Member of the National Assembly of Pakistan
- Incumbent
- Assumed office 29 February 2024
- Constituency: NA-13 Battagram
- In office 13 August 2018 – 10 August 2023
- Constituency: NA-12 (Battagram)
- In office 2008–2013
- Constituency: NA-22 (Battagram)

Personal details
- Party: PTI (2018-present)
- Other political affiliations: PML(Q) (2008-2013)

= Muhammad Nawaz Khan Allai =

Pakistani politician

Muhammad Nawaz Khan Swati is a current royal Chief of Allai, Pakistani politician and current member of the National Assembly of Pakistan, since 2024 representing NA-13 Battagram. Previously he was a member of the National Assembly from 2008 to 2013 and 2018 to 2023. He is the son of famous Nawab of Allai State, Ayub Khan Allai from Swati tribe. Prince reelected in 2024 election as pti candidate from NA 13 Battagram and defeated Qari Muhammad Yousaf of JUI.

==Political career==
He won his first election in 1997 Pakistani General Elections and was elected to National Assembly of Pakistan from Constituency Mansehra III which is now Battagram.

He ran for the seat of the National Assembly of Pakistan from Constituency NA-22 (Battagram) as a candidate of Pakistan Muslim League (Q) (PML-Q) in the 2002 Pakistani general election but was unsuccessful. He received 10,875 votes and lost the seat to Qari Muhammad Yousuf.

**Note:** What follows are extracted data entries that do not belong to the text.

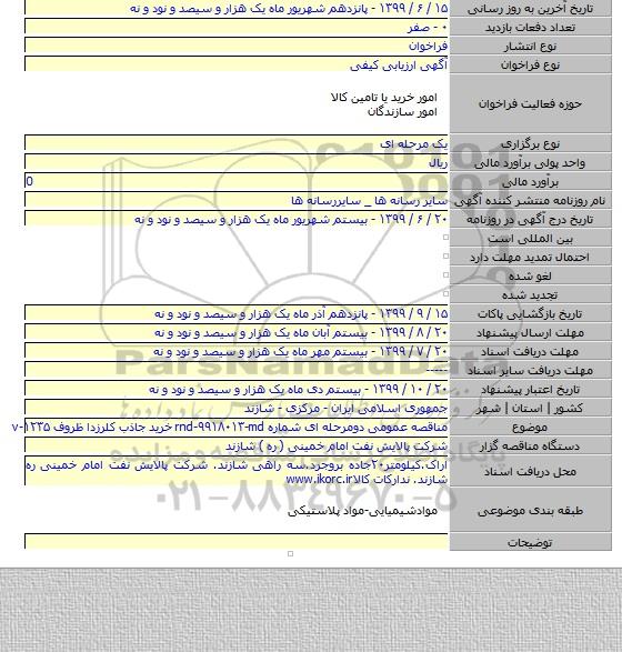 مناقصه عمومی دومرحله ای شماره rnd-۹۹۱۸۰۱۳-md خرید جاذب کلرزدا ظروف v-۱۲۳۵
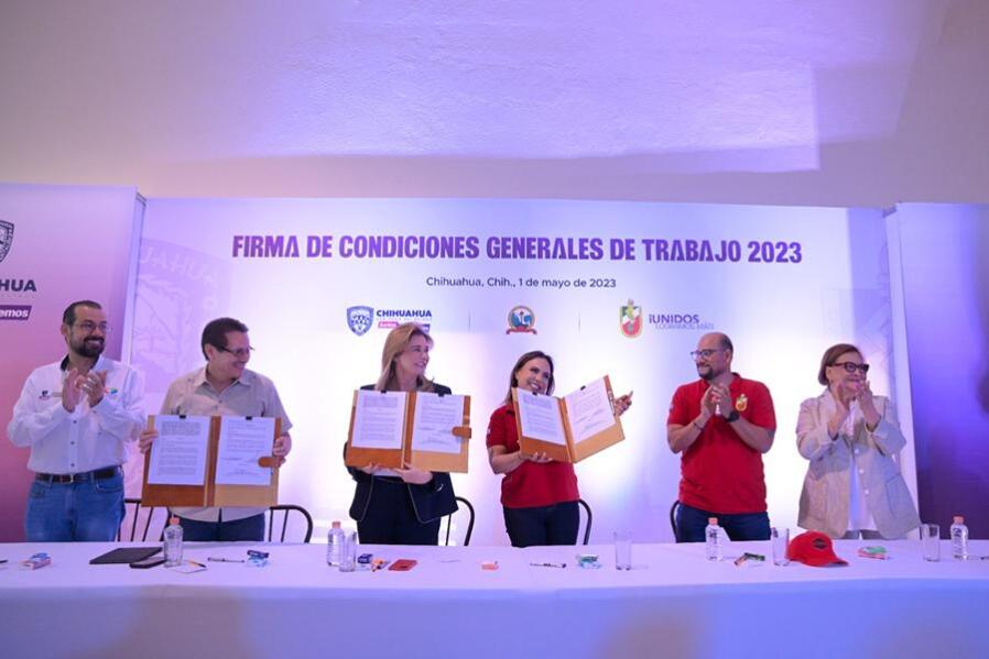 Chihuahua, Chih.- En el marco de los festejos por el Día del Trabajo, la Gobernadora Maru Campos firmó el Pliego Petitorio del Sindicato de...
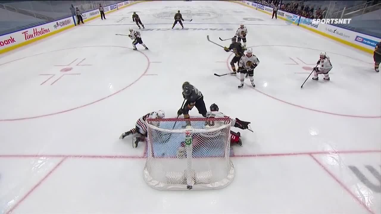 R1, Gm1: William Carrier finds the loose puck sitting inside the crease and jams it into the net to extend the Golden Knights lead in the 2nd
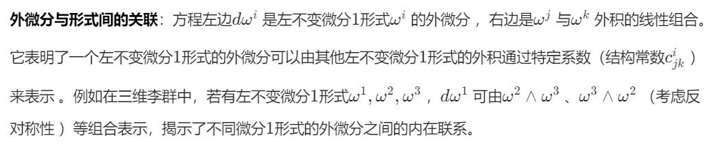 反映流形局部信息:外微分本身刻画了流形上微分形式的变化情况。结构方程通过这种关联,反映了李群作为一种特殊流形在局部上的几何和拓扑信息 。比如通过结构方程可以分析李群上的微小 “形变” 或 “弯曲” 情况,类似于在欧氏空间中通过导数研究函数的变化,这里是通过外微分和结构方程研究李群上微分形式的变化,进而了解李群的局部性质。
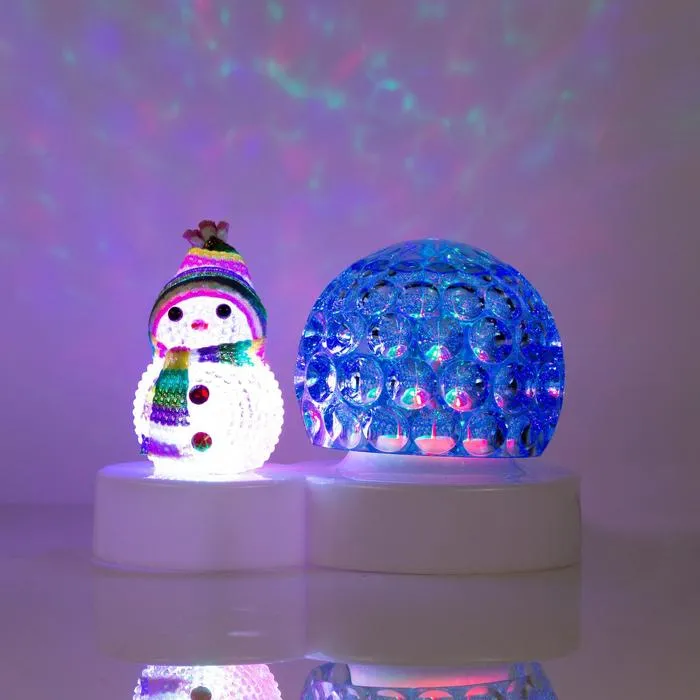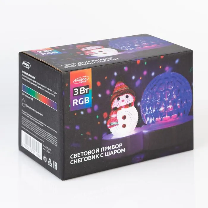 Световой прибор «Снеговичок» подойдёт в качестве новогоднего подарка ребёнку. Подключите прибор к сети, и шар закружится и создаст цветные узоры. Встроенные светодиоды не нагреваются и безопасны. После праздников игрушка не будет пылиться на полке: вы сможете использовать её как ночник круглый год.
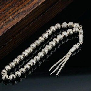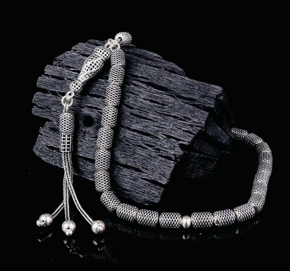Product Details: • Material: 925 sterling silver • Bead Size & Count: 8 mm x 6 mm – 33 beads • Length to Imame: 15 cm • Total Length: 24 cm • Comes in a gift box

He was elected to the National Assembly from Constituency NA-22 (Battagram) as a candidate of PML-Q in the 2008 Pakistani general election. He received 22,316 votes and defeated Qari Muhammad Yousuf.

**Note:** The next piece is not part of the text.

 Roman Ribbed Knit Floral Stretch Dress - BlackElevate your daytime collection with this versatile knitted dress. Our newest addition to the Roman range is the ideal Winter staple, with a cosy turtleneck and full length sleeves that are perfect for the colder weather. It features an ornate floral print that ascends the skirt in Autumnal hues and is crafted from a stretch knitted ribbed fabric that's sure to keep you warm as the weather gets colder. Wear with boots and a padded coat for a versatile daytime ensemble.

He ran for the seat of the National Assembly from Constituency NA-22 (Battagram) as an independent candidate in the 2013 Pakistani general election but was unsuccessful. He received 53 votes and lost the seat to Qari Muhammad Yousuf.

He was re-elected to the National Assembly as a candidate of Pakistan Tehreek-e-Insaf (PTI) from Constituency NA-12 (Battagram) in the 2018 Pakistani general election. He received 34,270 votes and defeated Qari Muhammad Yousuf.
Prince again elected in 2024 general election as PTI candidate from NA 13 Battagram and received 32,000 votes and defeated Qari Yousaf of JUI.